На следующую ночь хозяин взялся за устройство убежища. В молодости ему доводилось работать каменщиком – управился быстро. Сделал кирпичный тайник в подвале, тесный – там с трудом помещались два человека. Но и спускались мы туда лишь в крайних случаях, когда кто-нибудь заходил в гости или когда в деревне были немцы. Днем обычно сидели в чулане, а вечером, при закрытых дверях, в горнице. Олек играл с хозяином в карты, мы читали вслух книги. Только под конец войны, когда поблизости квартировала армия, мы не выходили из тайника два месяца. Те два месяца были очень тяжелыми. У меня болели суставы, но оно бы ладно, что болели… там лечь нельзя было. Приходилось все время сидеть. Мы играли в «географию» – все реки на «А», города на «Б», проверяли друг друга на знание латинских слов. Потом даже есть не хотелось. Мы сидели. В доме не раз ночевали немцы, мы слышали их шаги, они спускались в подвал, были совсем рядом, за тоненькой перегородкой, заваленной картофелем. В тот день, когда хозяева спустились вниз и сказали: «Конец», – я даже радоваться не могла… Болели мы потом долго и, наверное, очень тяжело, потому что хозяин, навестивший нас в больнице, сказал, поглядев на Олека: «Плакала моя изба…»

А потом начинали все сначала, были голы и босы, и если бы не муж…

– Ну, – вставил слово мужчина, – я взялся за работу, и мало-помалу все наладилось. Первые же деньги, которые удалось отложить, послал дяде с тетей. И так три года, каждый месяц… Они к нам приезжали, а как же, мы были одни, никого из близких не осталось, вот они и были вроде как… Весной закончили строительство нового дома – три комнаты, кухня, – звали нас приехать и посмотреть, но все никак не складывалось – то работа, то жена болеет – до сих пор эти суставы!.. Неделю назад мы получили письмо: приглашают на дядины именины в свой новый дом.

Он перевел дыхание, закурил следующую сигарету. Какое-то время висела тишина. Не могут набраться храбрости?
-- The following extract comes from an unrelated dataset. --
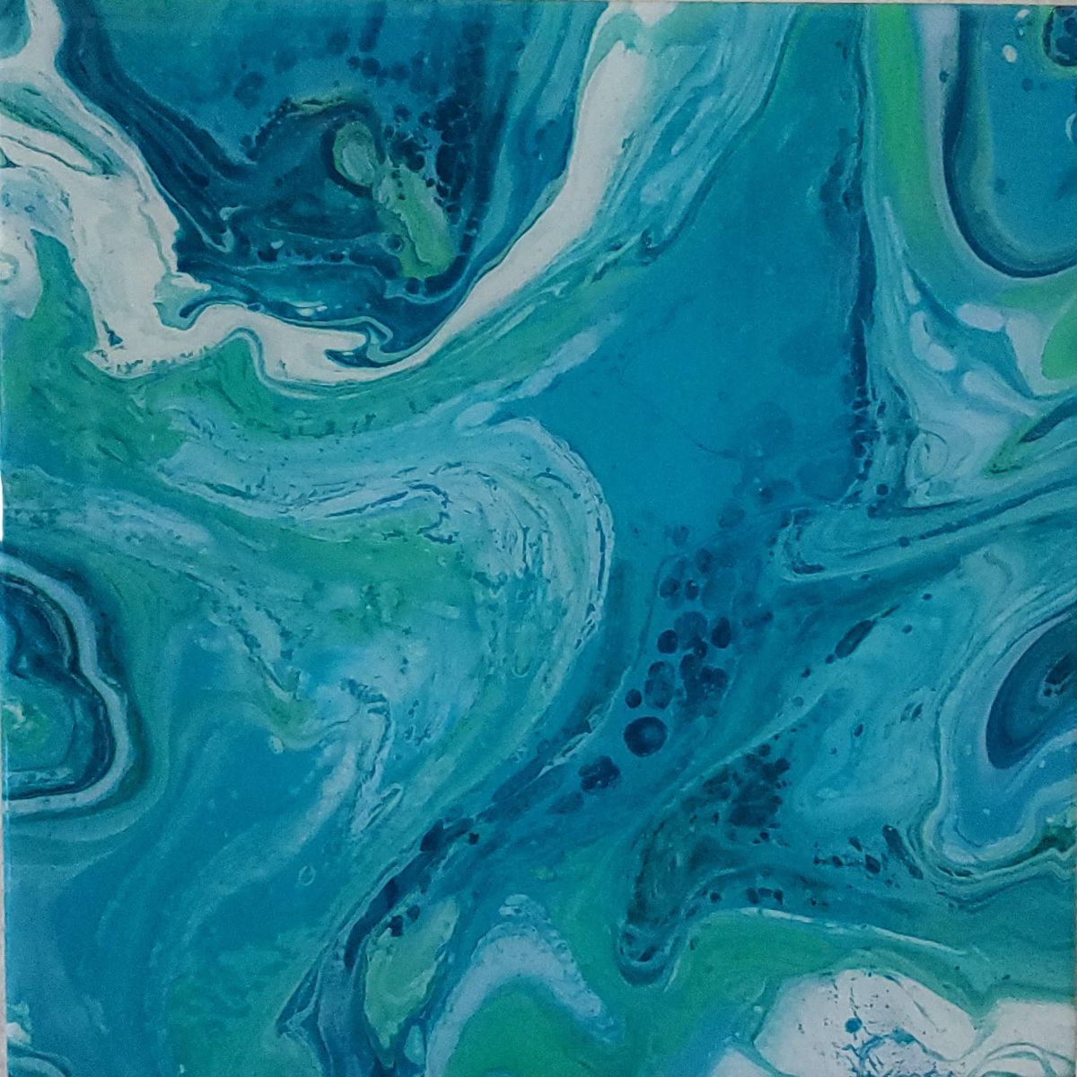 12x12" Acrylic with Resin on CanvasThis was inspired by a scarf that my son and I painted several years ago. I wanted to bring the scarf to life in a new way.
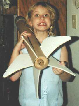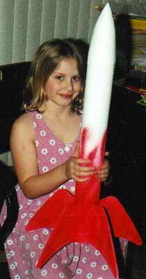 Amanda with the painted rocket Amanda has three previous rockets, but all of them are pretty small. In the fall of 2000 she started asking if it might be possible for her to build a "really big" rocket. I dug in my box of assorted parts and came out with a tube that used to be the core of a roll of butcher paper. It's about the size and thickness of 3" HPR tubing, and was 24" long. I suggested she sit down with paper and pencil and draw me a picture of what she wanted. She proceeded to sketch out some of the most amazing fins I've ever seen, which I thought were angel wings, but which she said were supposed to be fire. She also drew a blunt, maybe 1:1 ogive nose cone which in several drawings gradually grew to about the length we finally made. I wanted to make it a paper cone; she said no way, it had to be curved.

Первой молчание нарушила она.

– Мы туда поехали впервые, постаревшие на пять лет. Хотя нет, какие пять – пятьдесят! Я говорила Олеку: смотри, вот мост… здесь мы спали… а городок В. помнишь? А станцию в Н.? Мы там купили билеты и побоялись зайти в поезд. «Подумай только, – говорила я ему, – мы живы, мы вместе… нам ничто не угрожает…» Я была счастлива. Махала рукой в окно поджидавшему нас на станции дяде… хозяину. Сели мы на телегу, устланную соломой, сердце у меня колотилось. Я ждала, что за поворотом покажется хата, сад. Забыла, что там новый дом стоит. Красивый, но та хата меня согрела бы, а дом? Дом как дом. С красной крышей. На пороге хозяйка, вся нарядная, а мне обидно, потому что, хоть я смеюсь, целую ее, жаль мне той старой лачуги. Приглашают внутрь – чисто, полы выкрашены красным, на окнах ситцевые занавески. На столе – копченое мясо, водка. Олек сразу понял, что со мной, и говорит тихонько: «Не будь истеричкой…» – а вслух нахваливает, как все прекрасно устроено. Хозяин уже наливает водку, угощать собрался, а хозяйка: «Нет, вы сперва дом посмотрите».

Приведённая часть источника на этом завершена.